Le ministère a fait savoir que les propositions visaient uniquement à redonner à la loi et aux pratiques administratives connexes le sens qui leur était généralement donné par le passé. Certains observateurs ont néanmoins dit craindre que les propositions n’aient une incidence encore plus grande. Or, telle n’est pas l’intention des propositions. Il convient donc d’examiner plus en profondeur un certain nombre de questions importantes soulevées.
Il importe de veiller à ce que les contribuables aient des occasions satisfaisantes de commenter les propositions et que le ministère puisse les prendre en considération. C’est pourquoi le ministère prévoit prolonger jusqu’à la fin du mois d’août cette année la période d’envoi de présentations écrites sur ces propositions.
En vertu de la Loi de l’impôt sur le revenu, certains échanges d’actions peuvent donner droit à un report d’impôt lorsque les sociétés en cause soit résident toutes au Canada, soit sont toutes des sociétés étrangères. Ces règles ne s’appliquent toutefois pas à un actionnaire résidant au Canada qui échange des actions d’une société canadienne contre des actions d’une société étrangère. Même si d’autres mécanismes indirects permettent peut-être d’effectuer cet échange en bénéficiant d’un report d’impôt, les opérations résultantes peuvent être complexes et coûteuses.

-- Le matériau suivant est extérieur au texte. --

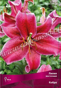 Кобра- высота растения 80см, цветок насыщенно-розовый с темным крапом, кончики белые.

Dans l’Énoncé économique et la mise à jour budgétaire d’octobre 2000, le gouvernement s’est engagé à consulter les intéressés à l’égard du bien-fondé et de la conception technique d’une disposition de report d’impôt visant expressément les échanges d’actions entre sociétés canadiennes et étrangères. Le budget de 2003 a réitéré cette intention.
Une proposition détaillée devrait être publiée pour fins de commentaires publics dans les mois qui viennent.
Le 4 mars 2004, le ministre des Finances a fait connaître son intention de proposer des modifications à la Loi de l’impôt sur le revenu et à d’autres lois pour, notamment, établir un délai de prescription de 10 ans pour le recouvrement des créances fiscales fédérales. Le nouveau délai de prescription donne suite à un décision de la Cour suprême du Canada selon laquelle le recouvrement des créances au titre de l’impôt sur le revenu fédéral est assujetti au délai de prescription de six ans établi dans la Loi sur la responsabilité civile de l’État et le contentieux administratif.
Le gouvernement prévoit déposer au Parlement dès que possible les modifications qui donneraient effet aux changements proposés plus tôt ce mois-ci par le ministre des Finances.